Wave period, swell period, interval—they all mean the same thing, and understanding this number is key to reading a surf forecast.
That’s because so much of surfing is based on physics: wind velocity, wind direction, swell energy, and of course, surfing itself. The wave period is the magic number that ties it all together into a single snapshot to predict what the waves will be doing in any given surf spot.
But how can you interpret that number to decide whether or not to paddle out? Let’s dive in.
What is a wave period?
To put it simply, a wave period is the time it takes for two successive crests in a swell to pass a specified point. The wave period is measured in seconds—for example, one wave every eight seconds.
This is easier to understand if you can picture it manually. Let’s say you’re at the beach and there’s a boat anchored beyond the breaking zone. You can count the seconds between one wave going under the boat and the next. Or, the seconds between one wave hitting a rock and the next, or one wave passing a buoy to the next—and that would give you an approximate wave period.
In fact, thousands of ocean buoys dotted around the world are used to calculate a whole range of weather variables, and they’re particularly useful when they’re located near a surf spot and can give us some intel on the wave direction, wave height, and wave period for that area.

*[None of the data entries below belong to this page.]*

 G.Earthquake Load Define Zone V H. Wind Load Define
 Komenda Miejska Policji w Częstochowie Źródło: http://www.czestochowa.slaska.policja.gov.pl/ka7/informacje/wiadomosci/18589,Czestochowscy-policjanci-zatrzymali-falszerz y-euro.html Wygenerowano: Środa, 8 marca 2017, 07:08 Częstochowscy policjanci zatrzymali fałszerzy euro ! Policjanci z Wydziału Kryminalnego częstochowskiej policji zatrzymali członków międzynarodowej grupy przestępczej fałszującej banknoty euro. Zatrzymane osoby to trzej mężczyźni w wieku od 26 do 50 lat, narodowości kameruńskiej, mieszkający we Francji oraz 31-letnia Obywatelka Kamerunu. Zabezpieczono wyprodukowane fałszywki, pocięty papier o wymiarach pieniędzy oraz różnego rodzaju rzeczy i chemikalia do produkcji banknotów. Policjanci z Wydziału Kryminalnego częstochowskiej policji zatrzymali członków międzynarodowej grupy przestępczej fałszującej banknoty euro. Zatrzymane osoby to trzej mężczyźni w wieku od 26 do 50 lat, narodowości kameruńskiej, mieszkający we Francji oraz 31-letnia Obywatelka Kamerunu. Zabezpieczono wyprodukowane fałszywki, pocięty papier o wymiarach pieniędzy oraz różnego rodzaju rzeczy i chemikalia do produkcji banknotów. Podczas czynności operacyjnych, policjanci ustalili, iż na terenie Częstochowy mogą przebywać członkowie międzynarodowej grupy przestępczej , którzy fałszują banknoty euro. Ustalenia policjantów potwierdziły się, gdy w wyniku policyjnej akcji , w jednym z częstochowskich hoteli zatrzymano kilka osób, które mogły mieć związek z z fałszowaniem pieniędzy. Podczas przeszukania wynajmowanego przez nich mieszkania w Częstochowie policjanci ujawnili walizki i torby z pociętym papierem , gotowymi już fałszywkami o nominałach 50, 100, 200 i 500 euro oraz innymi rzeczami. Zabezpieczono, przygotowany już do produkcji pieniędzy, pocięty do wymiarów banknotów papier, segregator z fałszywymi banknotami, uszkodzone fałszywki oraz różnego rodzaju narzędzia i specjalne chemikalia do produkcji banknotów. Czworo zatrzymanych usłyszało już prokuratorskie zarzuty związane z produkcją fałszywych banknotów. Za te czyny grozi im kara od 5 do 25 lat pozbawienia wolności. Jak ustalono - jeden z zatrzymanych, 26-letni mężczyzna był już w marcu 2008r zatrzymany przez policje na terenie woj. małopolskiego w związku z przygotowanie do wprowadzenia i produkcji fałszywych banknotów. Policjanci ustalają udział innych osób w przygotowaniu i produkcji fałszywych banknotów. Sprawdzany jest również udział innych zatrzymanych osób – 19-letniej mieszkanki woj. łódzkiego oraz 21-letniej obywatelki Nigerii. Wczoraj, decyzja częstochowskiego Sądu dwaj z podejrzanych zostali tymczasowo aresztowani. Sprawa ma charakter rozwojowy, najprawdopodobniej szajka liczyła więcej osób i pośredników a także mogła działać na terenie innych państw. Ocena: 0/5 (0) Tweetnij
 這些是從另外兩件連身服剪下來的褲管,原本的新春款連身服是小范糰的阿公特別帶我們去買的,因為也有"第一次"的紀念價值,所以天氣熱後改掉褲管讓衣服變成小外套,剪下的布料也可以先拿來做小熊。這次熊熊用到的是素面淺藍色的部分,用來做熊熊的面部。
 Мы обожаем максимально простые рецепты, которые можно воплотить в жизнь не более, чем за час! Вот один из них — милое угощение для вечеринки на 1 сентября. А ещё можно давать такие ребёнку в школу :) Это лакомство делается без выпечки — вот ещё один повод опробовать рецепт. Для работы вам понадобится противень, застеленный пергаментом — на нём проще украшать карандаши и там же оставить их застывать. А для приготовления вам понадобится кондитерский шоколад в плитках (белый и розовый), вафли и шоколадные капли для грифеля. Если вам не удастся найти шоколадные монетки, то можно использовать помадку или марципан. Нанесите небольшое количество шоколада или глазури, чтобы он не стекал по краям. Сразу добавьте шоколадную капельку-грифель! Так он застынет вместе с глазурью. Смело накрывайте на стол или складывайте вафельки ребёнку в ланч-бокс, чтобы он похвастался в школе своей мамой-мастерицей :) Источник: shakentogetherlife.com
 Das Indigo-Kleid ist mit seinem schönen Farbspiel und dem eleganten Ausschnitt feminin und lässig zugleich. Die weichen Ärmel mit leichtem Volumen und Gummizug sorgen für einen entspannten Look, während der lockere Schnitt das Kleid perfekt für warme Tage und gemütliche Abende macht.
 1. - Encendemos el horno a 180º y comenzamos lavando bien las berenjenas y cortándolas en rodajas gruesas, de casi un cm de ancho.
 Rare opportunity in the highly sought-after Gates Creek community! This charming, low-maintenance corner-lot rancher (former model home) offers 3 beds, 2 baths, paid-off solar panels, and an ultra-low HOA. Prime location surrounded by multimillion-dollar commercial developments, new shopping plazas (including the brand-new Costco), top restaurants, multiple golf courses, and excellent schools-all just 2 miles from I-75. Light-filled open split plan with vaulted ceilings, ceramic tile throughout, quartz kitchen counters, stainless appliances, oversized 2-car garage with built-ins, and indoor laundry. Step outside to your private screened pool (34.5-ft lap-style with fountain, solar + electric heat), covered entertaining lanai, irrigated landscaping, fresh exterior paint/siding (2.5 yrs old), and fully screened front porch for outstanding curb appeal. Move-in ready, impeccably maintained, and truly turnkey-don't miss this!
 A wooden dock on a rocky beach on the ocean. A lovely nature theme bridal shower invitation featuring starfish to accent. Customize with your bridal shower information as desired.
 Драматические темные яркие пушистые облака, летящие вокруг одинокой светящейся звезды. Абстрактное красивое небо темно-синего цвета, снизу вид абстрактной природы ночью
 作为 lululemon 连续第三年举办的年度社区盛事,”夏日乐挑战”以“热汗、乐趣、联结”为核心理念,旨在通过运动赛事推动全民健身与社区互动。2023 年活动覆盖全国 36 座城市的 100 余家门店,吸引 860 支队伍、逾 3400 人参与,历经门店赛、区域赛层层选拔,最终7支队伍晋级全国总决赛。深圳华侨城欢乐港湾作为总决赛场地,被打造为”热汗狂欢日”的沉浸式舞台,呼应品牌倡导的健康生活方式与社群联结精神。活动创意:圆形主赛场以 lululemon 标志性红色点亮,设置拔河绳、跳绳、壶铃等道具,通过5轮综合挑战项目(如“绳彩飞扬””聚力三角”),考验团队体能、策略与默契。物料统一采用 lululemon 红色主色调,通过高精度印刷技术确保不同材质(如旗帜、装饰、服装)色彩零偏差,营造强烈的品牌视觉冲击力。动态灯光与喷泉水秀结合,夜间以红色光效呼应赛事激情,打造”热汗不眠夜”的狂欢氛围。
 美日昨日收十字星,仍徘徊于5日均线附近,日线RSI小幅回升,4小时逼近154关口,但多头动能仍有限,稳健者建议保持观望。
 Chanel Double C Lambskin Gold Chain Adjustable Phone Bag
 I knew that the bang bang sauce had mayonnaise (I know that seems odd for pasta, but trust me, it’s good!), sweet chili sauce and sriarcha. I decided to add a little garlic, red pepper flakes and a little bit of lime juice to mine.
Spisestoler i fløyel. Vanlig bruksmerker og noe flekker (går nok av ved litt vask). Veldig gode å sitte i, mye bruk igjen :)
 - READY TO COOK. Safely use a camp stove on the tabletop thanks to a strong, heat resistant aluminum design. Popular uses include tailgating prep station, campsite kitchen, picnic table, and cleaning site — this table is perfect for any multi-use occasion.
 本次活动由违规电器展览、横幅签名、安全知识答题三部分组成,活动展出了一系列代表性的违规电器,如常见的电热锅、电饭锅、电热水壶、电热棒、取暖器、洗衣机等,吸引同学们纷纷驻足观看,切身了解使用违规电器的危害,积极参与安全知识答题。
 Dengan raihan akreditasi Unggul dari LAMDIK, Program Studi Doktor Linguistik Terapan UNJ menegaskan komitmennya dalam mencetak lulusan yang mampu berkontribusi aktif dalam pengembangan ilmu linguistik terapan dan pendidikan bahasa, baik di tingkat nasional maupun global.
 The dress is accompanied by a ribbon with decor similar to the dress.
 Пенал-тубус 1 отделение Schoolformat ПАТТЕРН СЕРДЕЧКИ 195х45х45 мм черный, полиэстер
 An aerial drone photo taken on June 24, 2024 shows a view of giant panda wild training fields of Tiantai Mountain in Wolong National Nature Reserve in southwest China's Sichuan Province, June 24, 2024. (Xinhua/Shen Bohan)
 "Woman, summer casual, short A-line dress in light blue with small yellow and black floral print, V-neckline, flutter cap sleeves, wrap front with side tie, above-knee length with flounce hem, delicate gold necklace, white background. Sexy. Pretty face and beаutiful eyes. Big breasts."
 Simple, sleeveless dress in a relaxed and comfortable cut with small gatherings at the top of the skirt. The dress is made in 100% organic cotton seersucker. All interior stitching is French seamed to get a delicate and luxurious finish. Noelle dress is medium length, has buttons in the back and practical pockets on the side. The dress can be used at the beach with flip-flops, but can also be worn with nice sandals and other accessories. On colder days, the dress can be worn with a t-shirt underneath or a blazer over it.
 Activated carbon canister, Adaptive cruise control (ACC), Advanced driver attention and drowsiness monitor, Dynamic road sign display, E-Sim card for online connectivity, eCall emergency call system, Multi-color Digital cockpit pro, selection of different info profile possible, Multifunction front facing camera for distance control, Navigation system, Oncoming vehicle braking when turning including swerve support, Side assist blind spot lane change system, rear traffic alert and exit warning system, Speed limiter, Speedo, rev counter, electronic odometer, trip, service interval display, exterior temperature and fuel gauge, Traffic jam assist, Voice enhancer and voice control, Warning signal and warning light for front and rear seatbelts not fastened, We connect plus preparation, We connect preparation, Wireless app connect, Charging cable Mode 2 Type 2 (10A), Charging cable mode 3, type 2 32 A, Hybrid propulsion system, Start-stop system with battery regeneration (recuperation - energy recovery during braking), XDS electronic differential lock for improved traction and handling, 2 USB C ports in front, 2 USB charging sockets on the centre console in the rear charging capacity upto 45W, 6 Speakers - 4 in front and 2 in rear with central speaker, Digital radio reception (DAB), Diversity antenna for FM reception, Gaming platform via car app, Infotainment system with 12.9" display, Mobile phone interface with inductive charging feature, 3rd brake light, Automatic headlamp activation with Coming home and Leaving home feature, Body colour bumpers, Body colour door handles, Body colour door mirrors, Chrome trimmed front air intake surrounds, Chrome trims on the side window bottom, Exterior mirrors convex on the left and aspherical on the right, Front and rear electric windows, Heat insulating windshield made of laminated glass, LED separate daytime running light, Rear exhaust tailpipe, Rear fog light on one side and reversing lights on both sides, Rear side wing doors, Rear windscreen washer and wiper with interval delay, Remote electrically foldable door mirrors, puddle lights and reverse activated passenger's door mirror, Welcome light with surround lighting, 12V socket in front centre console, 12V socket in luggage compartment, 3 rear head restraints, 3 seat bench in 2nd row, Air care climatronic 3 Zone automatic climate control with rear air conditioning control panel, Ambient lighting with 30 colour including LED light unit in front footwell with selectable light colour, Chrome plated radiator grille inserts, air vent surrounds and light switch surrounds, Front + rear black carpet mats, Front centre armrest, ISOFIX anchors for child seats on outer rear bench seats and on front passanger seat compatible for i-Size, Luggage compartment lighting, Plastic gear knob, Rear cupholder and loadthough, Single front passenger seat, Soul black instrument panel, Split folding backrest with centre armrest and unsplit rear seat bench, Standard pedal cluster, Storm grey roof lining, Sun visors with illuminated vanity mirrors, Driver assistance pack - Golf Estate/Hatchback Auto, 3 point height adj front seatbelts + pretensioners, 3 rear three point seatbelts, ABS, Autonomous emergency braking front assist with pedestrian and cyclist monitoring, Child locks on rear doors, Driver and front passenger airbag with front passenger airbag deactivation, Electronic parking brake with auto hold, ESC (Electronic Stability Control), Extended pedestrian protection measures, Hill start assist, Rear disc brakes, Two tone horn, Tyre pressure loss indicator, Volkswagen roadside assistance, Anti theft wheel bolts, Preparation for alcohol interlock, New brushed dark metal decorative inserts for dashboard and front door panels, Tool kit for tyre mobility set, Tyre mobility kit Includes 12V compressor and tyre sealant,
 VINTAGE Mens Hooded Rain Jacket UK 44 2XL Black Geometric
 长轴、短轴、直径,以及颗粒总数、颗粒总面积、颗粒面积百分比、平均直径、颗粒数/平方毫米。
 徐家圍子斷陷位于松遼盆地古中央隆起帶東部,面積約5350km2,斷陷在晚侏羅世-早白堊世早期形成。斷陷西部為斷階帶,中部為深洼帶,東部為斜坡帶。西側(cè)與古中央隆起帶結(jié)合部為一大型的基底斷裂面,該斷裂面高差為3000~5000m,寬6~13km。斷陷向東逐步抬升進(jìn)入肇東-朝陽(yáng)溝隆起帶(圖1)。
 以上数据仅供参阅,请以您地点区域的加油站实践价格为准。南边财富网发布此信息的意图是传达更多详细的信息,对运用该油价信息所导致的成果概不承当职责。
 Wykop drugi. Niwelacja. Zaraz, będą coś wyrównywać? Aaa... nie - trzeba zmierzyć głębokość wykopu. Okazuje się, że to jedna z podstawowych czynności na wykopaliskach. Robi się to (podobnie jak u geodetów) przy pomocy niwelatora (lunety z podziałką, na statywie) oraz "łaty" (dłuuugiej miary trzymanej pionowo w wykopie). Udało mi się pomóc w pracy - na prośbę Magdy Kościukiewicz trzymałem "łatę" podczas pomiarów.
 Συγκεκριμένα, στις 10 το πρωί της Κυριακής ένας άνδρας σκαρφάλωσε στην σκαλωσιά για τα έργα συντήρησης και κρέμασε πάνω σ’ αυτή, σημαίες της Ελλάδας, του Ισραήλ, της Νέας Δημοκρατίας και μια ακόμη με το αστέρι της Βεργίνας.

When it comes to wave periods, these numbers show up in swell charts as anywhere from 1 to 20 seconds or more.
Why numbers—plural? Because there are often multiple sets of waves in the ocean at any given time, and they can all influence the surf conditions at a local break.
Why is the wave period important?
The holy grail for surfers is a long-period wave—what’s known as a ground swell. (Here’s a breakdown of how swells are formed, if you want to go into it further.)
That’s because the longer the wave period, the farther out to sea the waves were generated. This gives them more time to harness energy and pick up speed as they travel vast distances across the ocean. When long-period waves finally reach the shore, they’re generally larger, steeper, and cleaner, and form organized sets that make it easier to predict where and how the waves will break.
On the other hand, if you know that a shorter wave period is coming in, you can assume the waves will be weaker, slower, or smaller, which is typical of wind swell vs. ground swell.
What do different wave periods mean?
Every surf forecast will show wave periods as part of its swell chart. While these are the magic numbers you should know, there isn’t a single “magic” number to look for—it all depends on the types of waves you want to surf and the characteristics of your local surf break.
Reef and point breaks generally need longer wave periods to really come alive, while the same long-period waves will often close out quickly at beach breaks.
Knowing what wave period works best for your surf spot will come with time and observation. But, the chart below can serve as a good starting point for interpreting the wave periods on your local surf report.
|Wave period||What this means for surf|
|1 to 4 seconds||Forget about it—this swell is so small and weak that it can almost never be surfed. Waves in this range are typically caused by strong local winds and appear lumpy and choppy without any sort of order.|
|5 to 6 seconds||These waves are still in the early stages of being formed, and much of what’s described for 1- to 4-second intervals holds true for this range as well. Strong onshore winds make for subpar surfing, but occasionally you might find the odd, weak, surfable wave if you’re really desperate.|
|7 to 9 seconds||This is a decent windswell producing average surf, but nonetheless the waves are considered ridable, especially for areas that don’t get great surf. If you’re lucky, a change in wind direction may improve the quality of the waves, so offshore conditions are possible if you stick it out.|
|10 to 12 seconds||In this range, the swells are starting to move away from the storms that created them, traveling some distance in the open ocean before they break. Waves produced by mid-period (or medium-distance) swells are often quite good, and can offer some of the best surf on sandy beaches.|
|13 to 15 seconds||This interval range is where we enter groundswell territory—the clean, organized sets coming in from faraway storms, but without the strong winds that created them. This means the surf is typically calm yet powerful, with defined waves that look a lot more lined up. If everything else falls in place, you’ll see some epic waves. Get out there!|
|16+ seconds||Swells in this range are generated by super distant, extremely powerful storms. They often travel across the largest oceans to reach the beach, picking up an incredible amount of speed and energy. At the right spot, the surf will be large and in charge! But, these big wave periods don’t always equate to epic waves, and only certain point and reef breaks can handle such high-energy swells.|
Like I mentioned, this chart is merely a starting point to help you decipher what all those different intervals mean. Remember that a shorter-period swell could actually be good training ground for beginners even though experienced surfers might call it flat; and a pumping 15-second swell has all the hardcore surfers paddling out but those same conditions could be dangerous for someone who’s still improving.
There’s much more to a quality surf session than the wave period, which is why surf forecasts also include other useful bits of info like wind speed, swell height, swell direction, and weather.